About 20,000 students are encountering the biggest change in New Orleans: The total remake of public schools. Students are beginning classes this month in about 52 New Orleans schools, down from 60,000 students in more than 100 schools pre-Katrina. The long-troubled Orleans Parish School Board will control only four of those schools. Another 15 or so will be run by the state, which took over most schools in the weeks after the storm. The majority — 32 schools — will be charter institutions, receiving public money but run independently by parents, universities and other private groups.

"The school system was a disaster," Reilly says. "We’re rebuilding an entire system from scratch that can be a national model, built around charter schools. This has never been done before."

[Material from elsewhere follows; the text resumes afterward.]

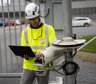 An engineer calibrates a camera that will help automate a gate using Visy’s AI-based vision technology.

For the first time in recent memory, all classrooms will be fully equipped with new desks, books, abundant supplies and computers. The bathrooms will have working toilets and lots of toilet paper — a perennial problem here in the past. Many of the charter schools have raised money for landscaping and new playground equipment.

"We have an opportunity to really start fresh, and that will make a big difference for the economy," says Ryan, whose university chartered two city schools.

Of course, one other aspect of city life will be markedly different for years to come: the population. Best estimates are that about 200,000 people now live in New Orleans. No one knows how many more will return.

About 100,000 Louisiana homeowners, most of them in the New Orleans area, have applied for federal rebuilding money, to be distributed by the LRA beginning next month. There’s more than $7 billion available to give homeowners up to $150,000 each. No one knows yet how residents will choose to spend their money, whether they’ll rebuild or sell their homes to the state. Homeowners can still get the money if they plan to leave New Orleans, but less if they plan to leave the state.

Ryan says no one should have expected Katrina to transform New Orleans.

"This last year has been hell. Many of us have lived in conditions we wouldn’t have dreamed of living in before." And for New Orleans to get back to where it was before, he says, "is going to take years."

Two views of Canal Street. Top, biker- and pedestrian-friendly last month. Bottom, after flooding from Katrina on Aug. 31.